We next assessed the similarity and modularity of cortical areas based on how well these could be distinguished by their H3-type composition (Fig. 3i and Supplementary Methods). In brief, we built a distance matrix between cortical areas based on how well they can be distinguished pairwise using H3 type composition then performed Louvain clustering on the distance matrix. We identified six clusters, each of which consisted of more than one area (Fig. 3i, grey-bordered boxes); these included two clusters corresponding to the visio-auditory areas and one cluster each for the association areas, somatosensory cortex, motor cortex and lateral areas. This modular organization is robust to small errors in CCF registration (Extended Data Fig. 7j and Supplementary Methods). We further combined these clusters with singlet areas (PL, RSPd and RSPv) that did not cluster with any other area into cortical modules based on similarity in H3-type composition. These modules largely included the visio-auditory, somatomotor, association, medial and lateral areas, respectively (Fig. 3i). Notably, these cell-type-based modules were largely consistent with cortical modules that are highly connected (connectivity-based modules)3 (Fig. 3j). Thus, highly interconnected cortical areas share similar groups of H3 types and, consequently, characteristic transcriptomic signatures.

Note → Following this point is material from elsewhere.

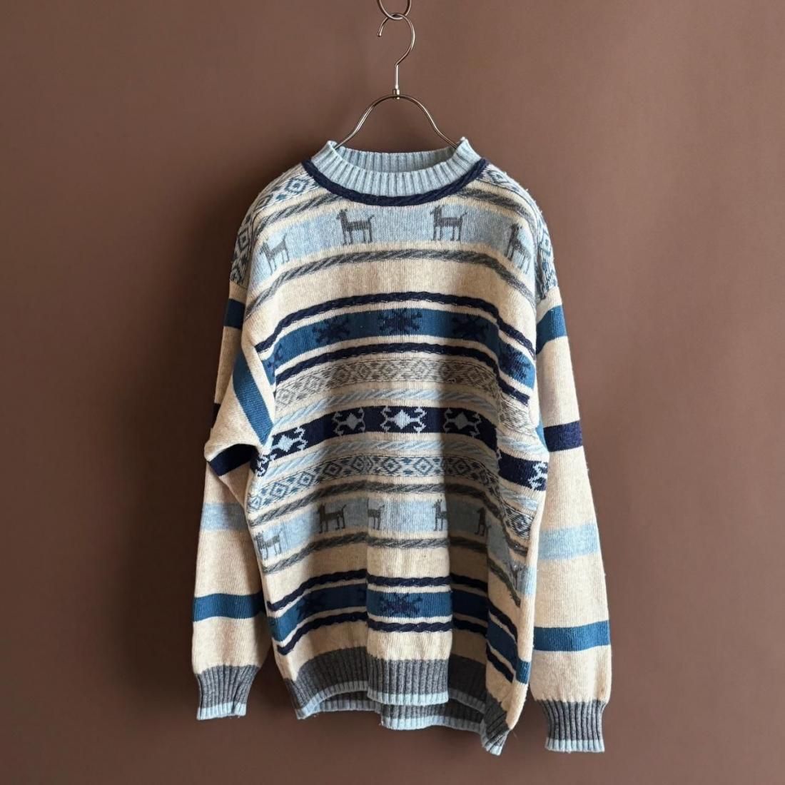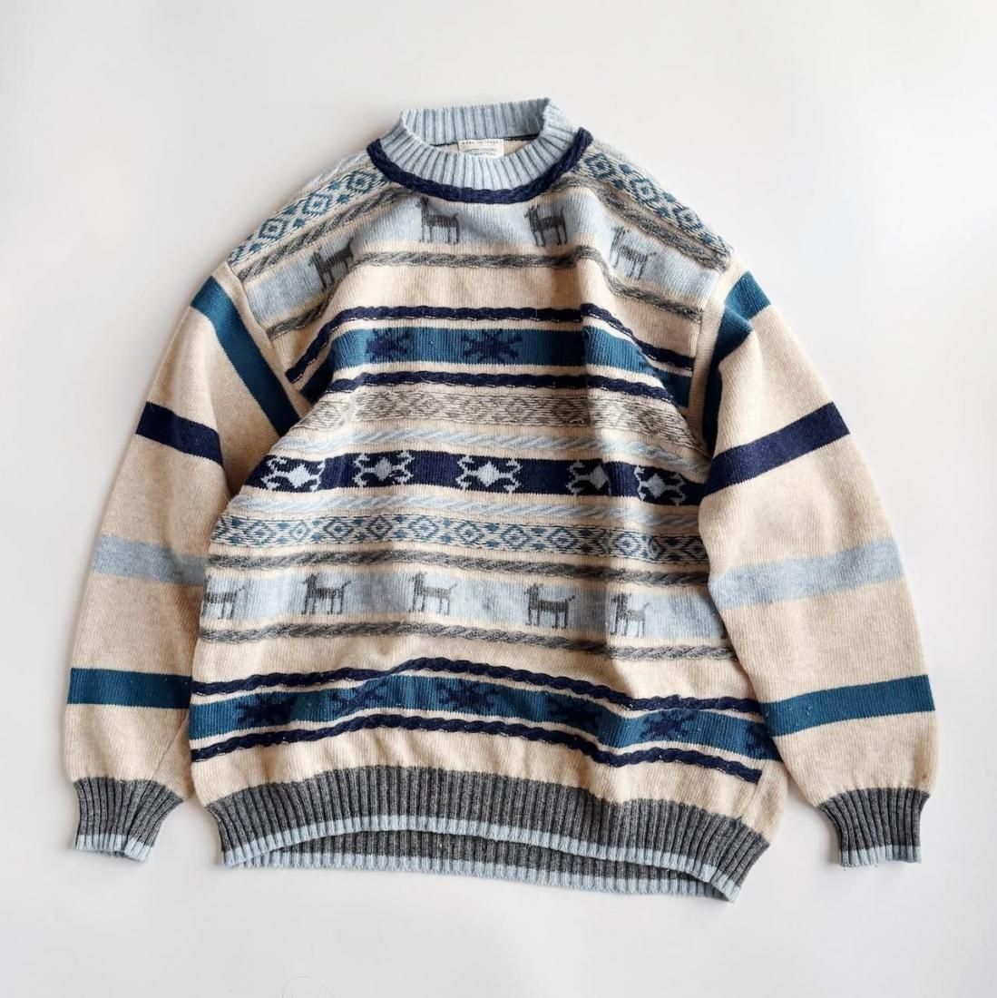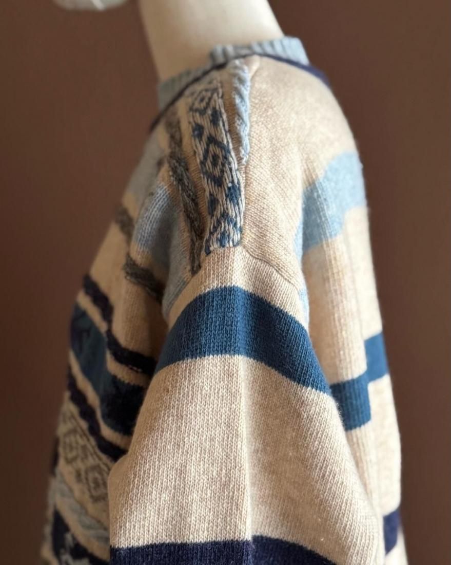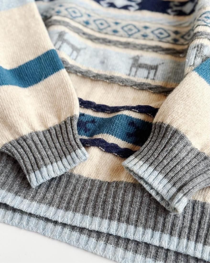 ベージュ、ライトブルー、ターコイズブルーなどの爽やかな配色+フォークロアなデザインが素敵なニット。
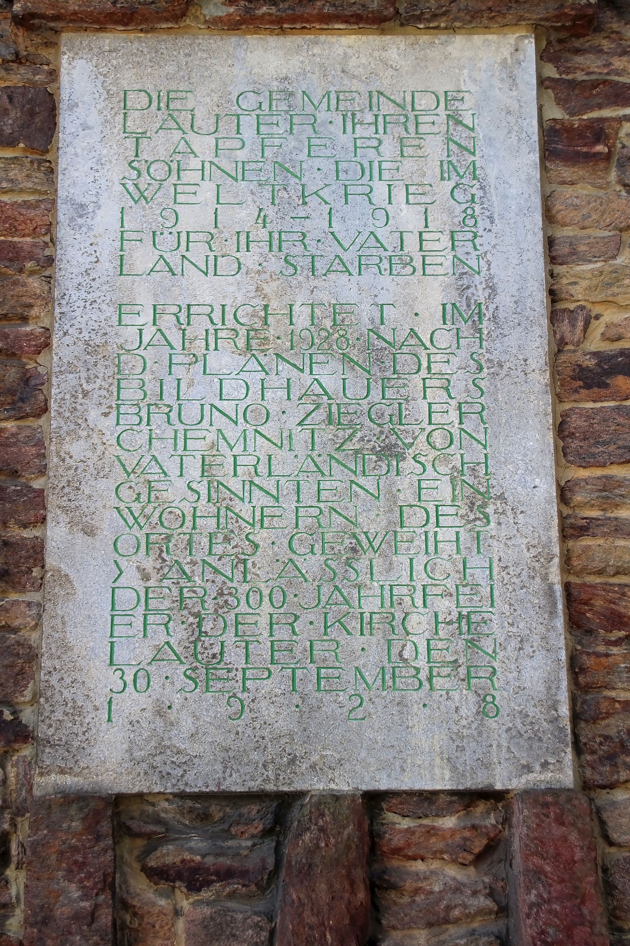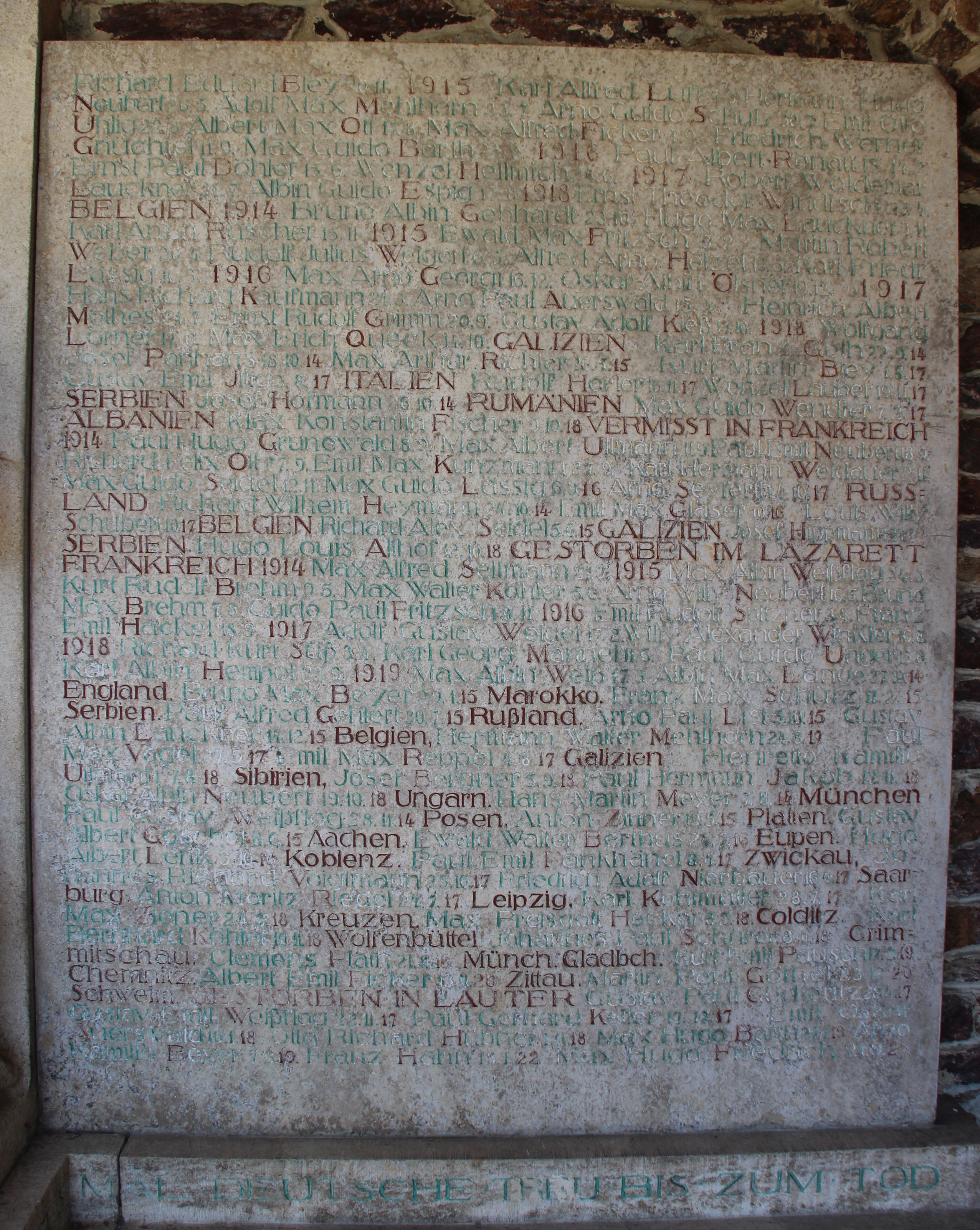 | 18:35, 29. Mär. 2021 | Lauter Ehrenmal 08.JPG (Datei) | 1,71 MB | {{Information |Beschreibung = Glockenehrenmal in Lauter/Sa., Tafel an der Rückseite Kategorie:Lauter (Sachsen |Quelle = eigenes Foto |Urheber = Volker Zimmer |Datum = 07.04.2018 |Scans = |Genehmigung = |Andere_Versionen = |Anmerkungen = }} [[C | 1 | |

Cell types are robust to enucleation

Transcriptomic types, areas and modules reflect cortical organization at different scales, suggesting that they may be generated through different developmental mechanisms. As a first step in understanding the developmental processes that contribute to cortical organization at different scales, we applied BARseq to examine how the postnatal removal of peripheral sensory input alters the organization of cortical transcriptomic types. Thalamocortical projections have a central role in shaping the identities and borders of cortical areas10,40,41, and loss of postnatal visual inputs affects gene expression in VISp and other areas40,42,43. How peripheral inputs shape cortical neuronal types and the characteristic cell-type compositional profiles of cortical areas, however, is unclear. For example, altered gene expression could result in new cell types that are not seen in a normal brain; alternatively, it could enrich or deplete existing cell types (Fig. 4a). Because BARseq is cost effective and has high throughput, it is uniquely suited for interrogating changes in neuronal gene expression and cell-type compositional profiles on a brain-wide scale across many animals, with or without developmental perturbation.

Fig. 4: BARseq consistently detects cell types across eight enucleated and control animals.
figure 4

a, Models of possible effects of removing peripheral sensory inputs postnatally, including generation of new cell types (left) and/or enrichment and depletion of existing cell types (right). b, We collected brain-wide transcriptomic data from four littermate pairs: within each pair one mouse was enucleated (Enu.) at P1 and the other was a sham control (left, n = 8 animals). A representative stack of 32 slices from one brain (bottom) and close-up images of matching coronal slices from all eight brains (top) are shown. For clarity, only 17 out of 104 genes (indicated on the right) are plotted. c, Genes and read counts per cell for the pilot dataset and the enucleation and control littermates (in order plotted, n = 0.6, 1.0, 1.0, 1.1, 1.3, 1.2, 1.1, 1.2 and 1.1 million biologically independent cells). Boxes indicate the median and first and third quartiles; whiskers extend to the most extreme value up to 1.5 times interquartile range from each bound; remaining dots are plotted individually. df, UMAP plots of gene expression of excitatory neurons from all eight animals. Neurons are colour coded by animal (d), by H2 type (e) and by condition (enucleated or control, f). Labels show only H2 types in cortex.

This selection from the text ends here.